2012 was an exciting year for Snappy. Turning ‘make it go faster’ into a set of measurements and corresponding bugs to fix was hard. We learned a lot.
I’d like to summarize some of the most memorable Snappy accomplishments.
Short version: Firefox is much more reponsive now.
Much of the year was spent on tooling for analyzing Firefox performance. Gecko profiler is my favourite new tool. Telemetry chromehangs, evolution and slowsql are also great for settling arguments.
Many of the bugs below would not have gotten fixed without these tools.
Cleaning up the Memory Collectors
In the beginning of the year it was common to suffer long (200-700ms for me) garbage and cycle collection pauses. I now rarely see pauses over 20ms in these areas. I suspect these were the most laborious improvements of 2012: see the huge number of blocking bugs in bug 641025, bug 716598.
SQLite is a fine database, but it is much better at storing data robustly than accessing it efficiently. Firefox got nailed by the following footguns:
- overusing main-thread SQL queries
- performing expensive background queries
As if main-thread IO wasn’t bad enough, turns out SQLite does not like running queries in parallel. Mixing sync/async queries invites race conditions where sync queries can end up waiting for many minutes at a time (hanging the UI) while “background” maintenance queries complete. There were too many such fixes to list.
DOM Local Storage Caching
We ran into significant problems with Local Storage. In order conform to spec and not perform poorly, browsers are forced to maintain an in-memory cache (this is why Local Storage dominates in synthetic benchmarks: they are measuring memory bandwidth with no syscall, etc overhead).
- It became really popular in 2011-2012 despite a poor spec: main-thread reads and vagueness on when/whether data should hit disk.
- Local Storage cache was causing LS to be written out too often: bug 714964
- Local Storage cache was written on main-thread. For paranoid amusement it was then read back in after every writeout: bug 807021
- For some some reason to do with how our DOM works there is a second level of caching so local storage can actually use up 2x more memory in RAM than it does on disk. As a result the Local Storage cache is slated for a complete rewrite in bug 600307.
I should note, I made a mistake and attributed too much blame to the Local Storage API. I will blog on the exact extent of Local Storage badness once I have a chance to access the relevant telemetry data.
Surprisingly, the Local Storage caching layer was so bad that the underlying SQLite footguns did not get to play a role in this tragedy.

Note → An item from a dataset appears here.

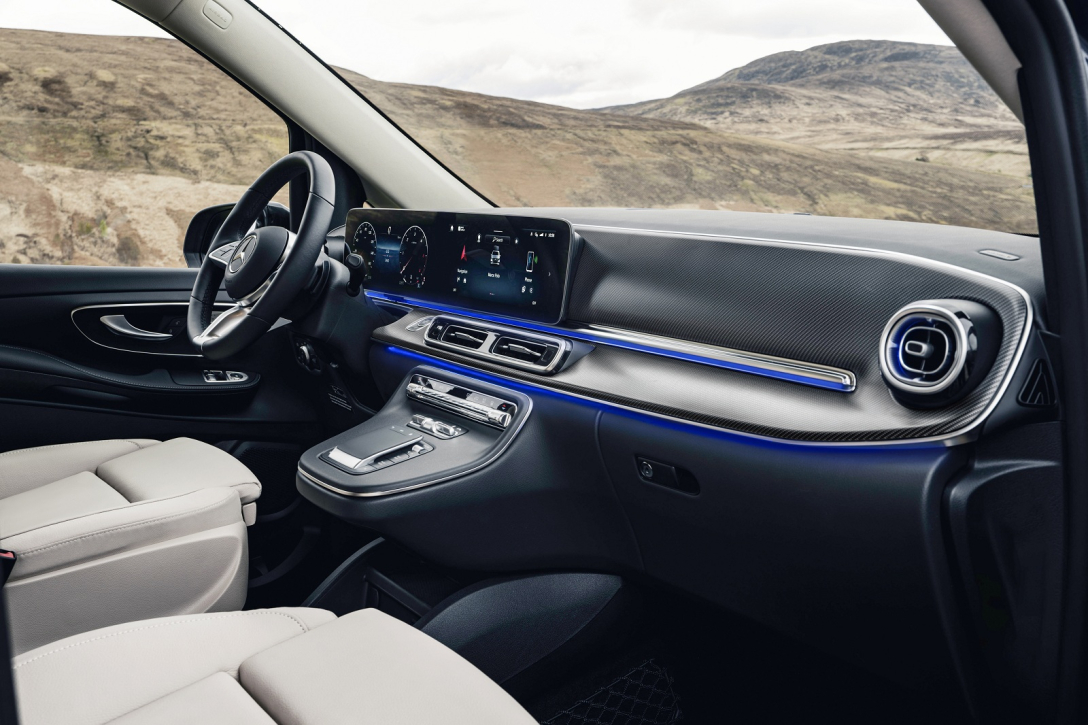 У салоні Mercedes V-Class Marco Polo Edition AMG Line з’явилися чорний декор та вставки “під карбон”. Комплектацію поповнили камери кругового огляду та акустика Jenhert.

For years people would argue on how patches should strive to use async APIs during patch review. Unfortunately even a little bit of sync IO has potential to cancel out the most elaborate async efforts.
We had no purely async storage APIs until recently. We now have one such API in OS.File.
The following sadness was fixed:
- Renaming directories with lots of files can take minutes on Windows: bad when it happens on startup: bug 701909.
- Firefox had a minor tendency to start loading webpages before UI is shown: bug 756313, bug 715402.
- Q: What could be worse than loading pages before UI is shown? A: Executing synchronous proxy code: bug 790370, bug 767159
- Firefox insisted on doing network activity to verify some extension jars on startup: bug 726125
- Tab switching to some popular websites is roughly 10x faster now (too many bugs to list).
- Firefox tended be unresponsive during large downloads: bug 789932.
- In some situations hardware acceleration would slow down Firefox UI to a crawl: too many bugs to list here.
2012 was a good warm-up. We spent a substantial part of the year on tooling. If everything goes right, that should pay off in the coming year.